This post was featured as a guest post at The Kitchn today, and I figured I’d repost it here for those of you who didn’t already see it.
It’s funny that when I look back on life, from the cupcakes I’d bring into school for birthdays to the ice cream my family ate on that summer vacation to the time where my parents and my brother ate lobster while wearing giant plastic bibs, I often seen things in terms of food. Like Christmas. When I was growing up, the month of December meant tins of all kinds of cookies and fudge lined up along my grandma’s creaky staircase, gifts she planned to take to every friend and relative, with at least one container of oatmeal chocolate chip cookies planned especially for me.

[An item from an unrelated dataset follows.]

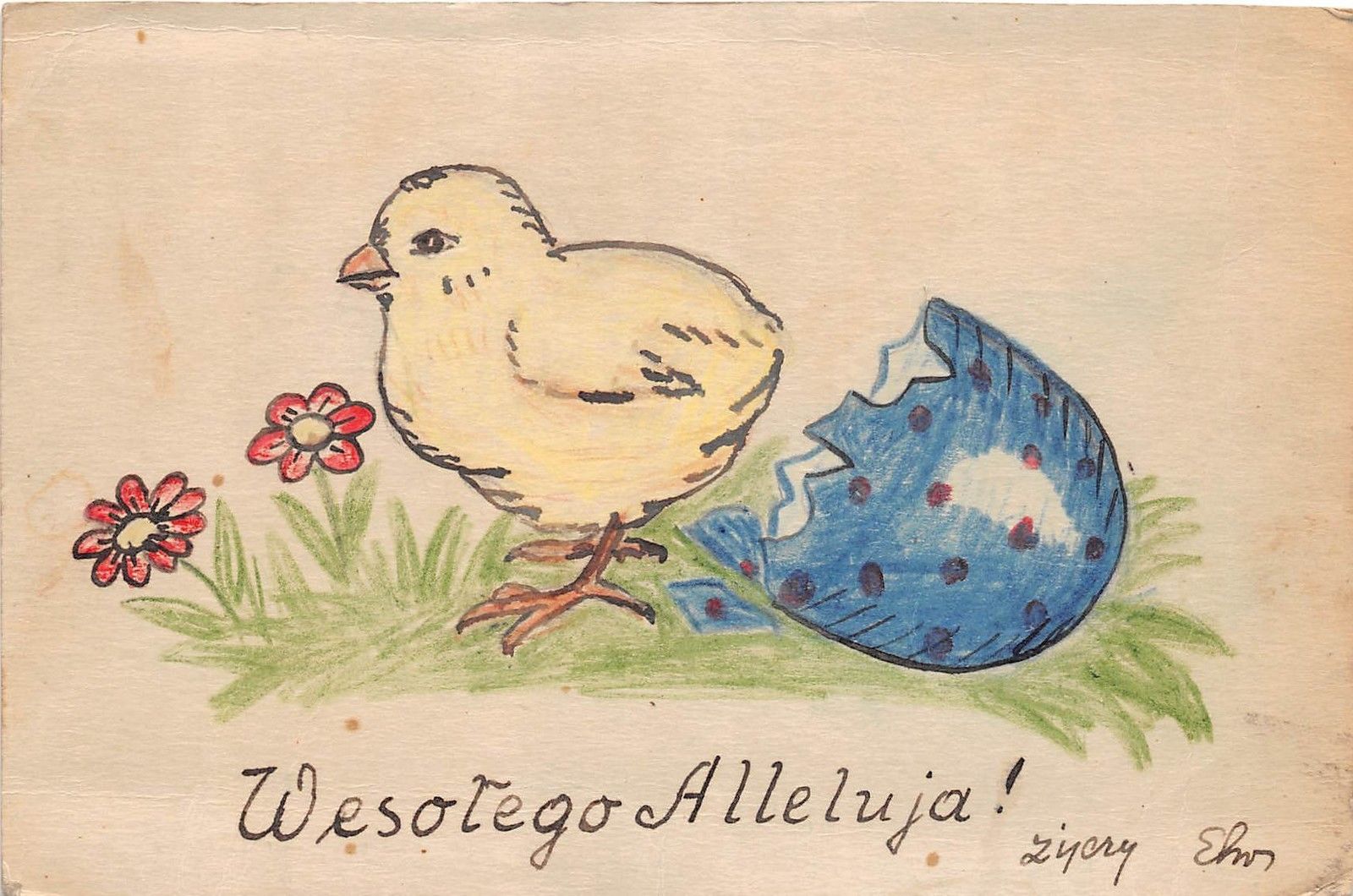 A35/ Easter Postcard Holiday Greetings 1949 Hand Drawn Foreign Chick Eggshell 9

I baked cookies covered with red and green sprinkles, eaten while I was watching It’s a Wonderful Life or a made-for-TV movie about a girl who wants a mom for Christmas. My mom baked cookies rolled in powdered sugar or kolachkys with apricot and raspberry jelly in the centers. We sipped hot chocolate. We gave away panettones. We even had presents that related to food: I’ll never forget taking my new doll up to my room, her hands holding a tray of muffins that actually smelled like chocolate, thinking that life couldn’t get any better than this.
Then there were the parties. Christmas parties at our house were the sound of many voices and the smell of coffee brewing and tables covered in meatballs and sandwiches and chips and dip and enormous trays of cookies and fudge. I’d gravitate towards the sweet rather than savory (I still do), filling my plate with the Jell-O mold and some fruit and desserts, a glass of homemade punch on the side. I liked the meatballs and the cheese and crackers, and you know I loved the cookies, but one item on the buffet I never missed was this: my mom’s cherry cream cheese spread, pink and whipped, slathered on top of mini bagels and studded with dates, walnuts and chopped cherries. I don’t even like the texture of cherries (the flavor, yes; the texture, no), but this spread is so good, I got past it, scooping the glossy, red bits to the side as I piled more cream cheese on another piece of bagel.